A Pechino a suonare e catare Rock and Roll nel passaggio di consegne tra le Olimpiadi del 2008 e quelle del 2012 ci furono Jimmy Page e Leona Lewis. E a Londra suonarono Muse, Take That, Spice Girls, Queen, One Direction, George Michael, Pet Shop Boys, The Who. Plant non si presentò.

Cosa fa oggi Robert Plant

Il cantante tuttavia è molto attivo. Lo show di Plant a Lucca è stato uno dei momenti più attesi della stagione live italiana. Il cantante ripartirà con nuovi live negli USA a novembre.

Robert Plant ha parlato del suo nuovo album in uscita a fine settembre con il progetto Saving Grace, un collettivo di musicisti del Midlands che lo accompagnerà anche dal vivo. Con loro, Plant ha riscoperto atmosfere lontanissime dall’hard rock reinterpretando classici dei Led Zeppelin come The Rain Song o Four Sticks, ma senza cedere alla tentazione di alzare il volume o di suonare i grandi successi della band.

Plant spiega perché: “Cosa sono i successi? Come si legano all’oggi? Sono ricordi, memorie. Ma la vera grandezza dei Led Zeppelin sta in pezzi come For Your Life o Achilles Last Stand, momenti di pura invenzione e potenza creativa”.

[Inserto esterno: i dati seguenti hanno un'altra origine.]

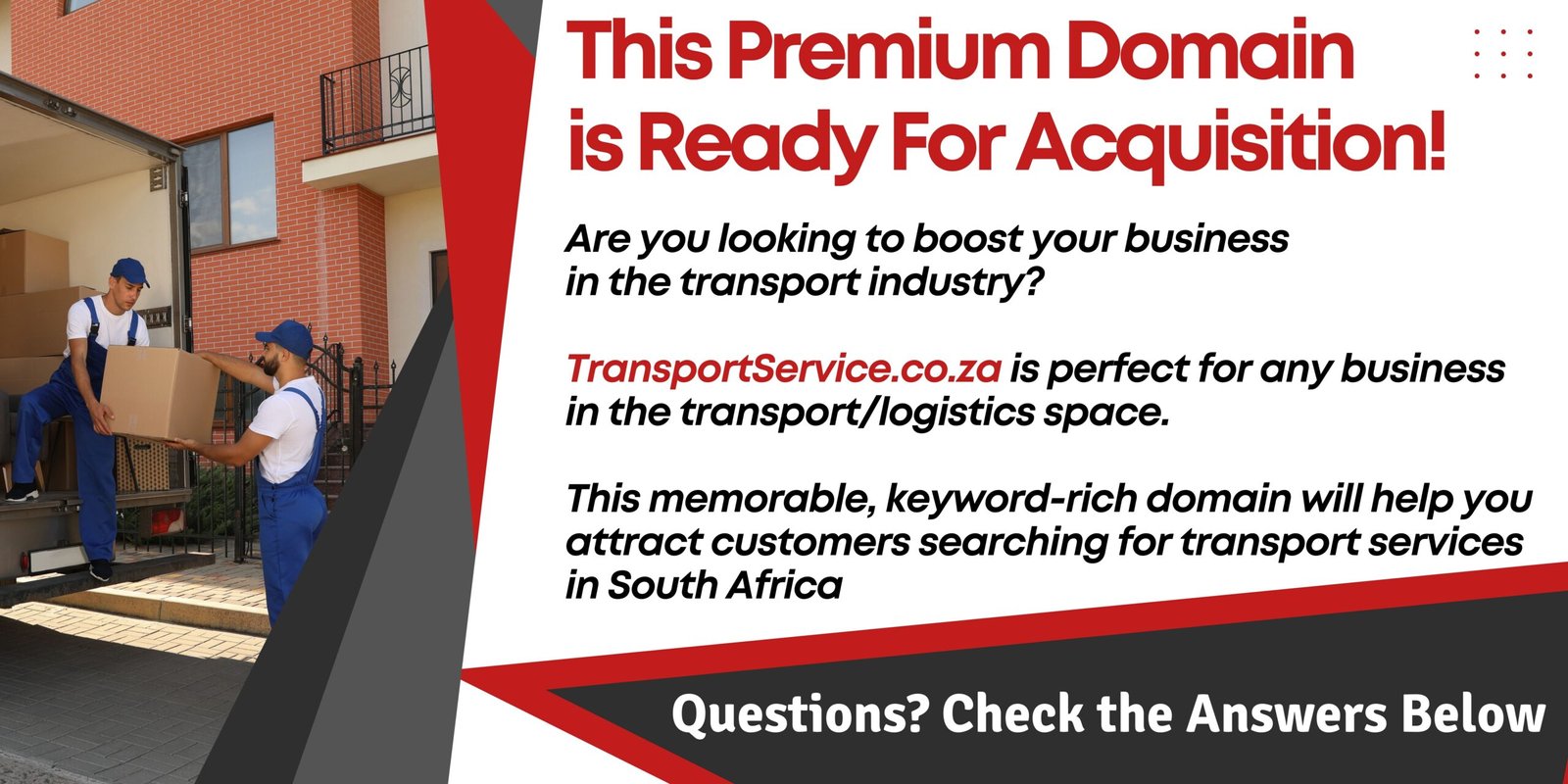 TransportService.co.za is a premium domain name that is available for acquisition. It is ideal for businesses, entrepreneurs, and logistics enthusiasts looking to establish a strong online presence in the South African transport/logistics industry.

Per Plant, riproporre Stairway To Heaven o altri classici significherebbe snaturare la sua visione attuale della musica: “Non è che non mi piaccia, non mi piace l’idea di quello che rappresentano ora – chiarisce – i Led Zeppelin erano rischio, avventura, improvvisazione, sensazionalismo. Fare qualcosa solo per accontentare il pubblico sarebbe stato tradire quello spirito”.

Plant: “Non si torna al passato solo perché la gente ha nostalgia”

Il cantante guarda avanti con serenità, ricordando il passato con gratitudine ma senza nostalgia. Nel 2007 per il Celebration Day che è diventato anche un film e che di fatto è stato il primo live dei Led Zeppelin, con il figlio del compianto Paul Bonham, Jason, dietro i tamburi a distanza di 27 anni dalla loro ultima edizione del 1980, si è celebrato un capitolo definitivo. L’ultimo: “Suonare di nuovo insieme fu fantastico quella del 2007 fu una notte magica, ma anche un addio. Da allora ho trovato nuovi compagni di viaggio, nuove strade. Non c’è bisogno di tornare indietro” conclude Plant ribadendo che un’altra reunion dei Led Zeppelin non è nei piani e, probabilmente, non ci sarà mai più.